Dass Legalisierungsaktivismus eine Auswirkungen auf die Anstellung haben kann, ist eine berechtigte Befürchtung wenn auch eine unbegründetete:
..Fragen nach der Mitgliedschaft in einer Gewerkschaft sind im Einstellungsverfahren nicht zulässig
Gleiches gilt für die Zugehörigkeit zu politischen Parteien oder Religionsgemeinschaften...
https://www.dgbrechtsschutz.de/fuer/arb ... gespraech/
Grundsätzlich gilt, den Arbeitsgeber geht es nichts an was man so in seiner Freizeit tut, solange man die Thematik nicht selber in den Betrieb trägt und dort breittritt (Störung des Betriebsfriedens/Arbeitsablaufes).
Man muss soetwas nicht beantworten bei Einstellungsgesprächen!

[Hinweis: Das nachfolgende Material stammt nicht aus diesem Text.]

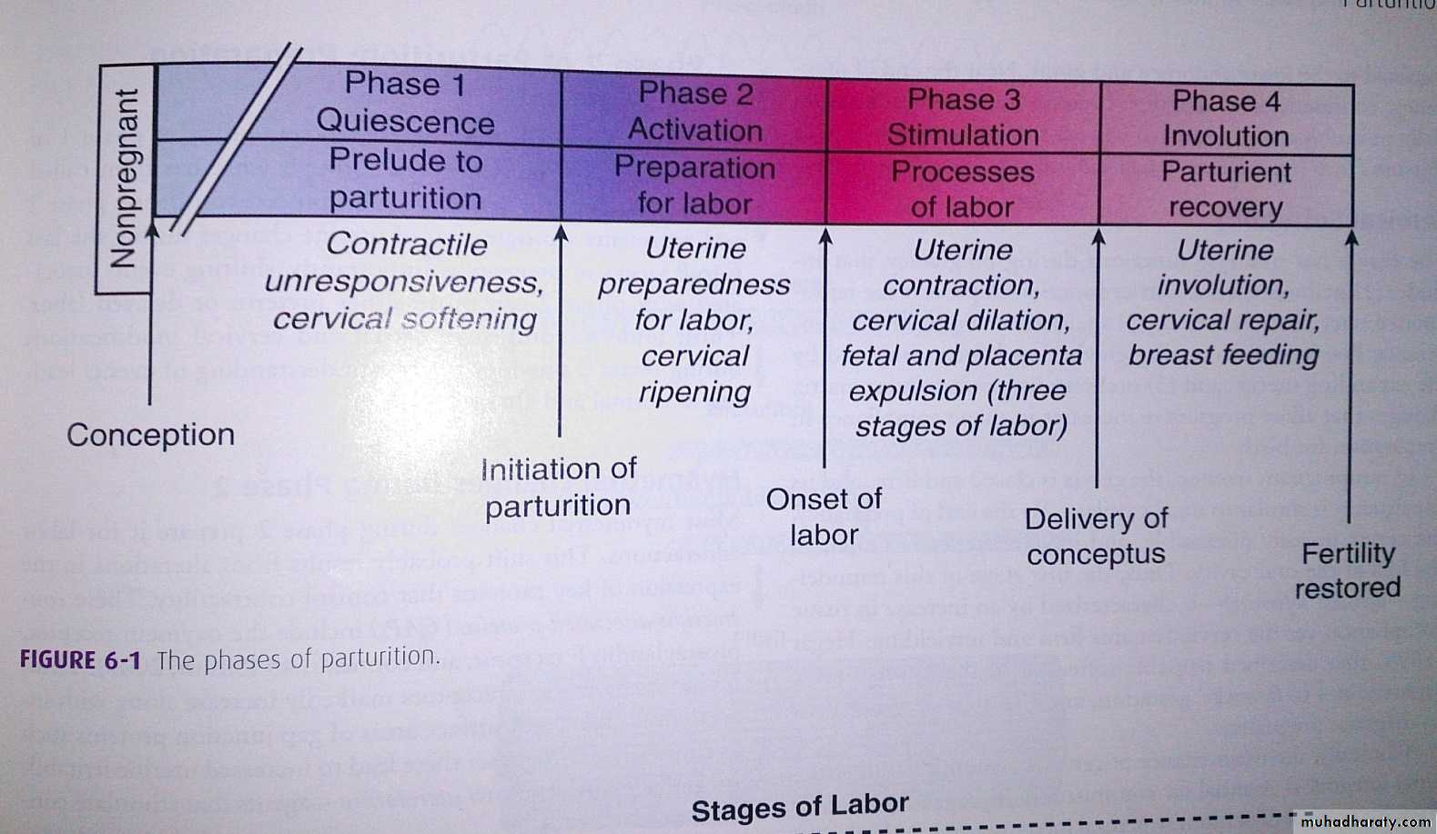 During the first 36 to 38 weeks of gestation, the myometrium is unresponsive; after this prolonged period of quiescence a transitional phase is required.Mechanism responsible for initiating human parturition is still unknown.

Falls man sonst keine Hobbys hat, kann man auch Lügen, da es sich um eine unzulässige Frage handelt.
Erfährt der Arbeitgeber nach der Einstellung davon, hat man auch nichts zu befürchten. Eventuelle Probleme kann man arbeitsrechtlich angehen, wobei die Gewerkschaften auch sehr gut helfen können.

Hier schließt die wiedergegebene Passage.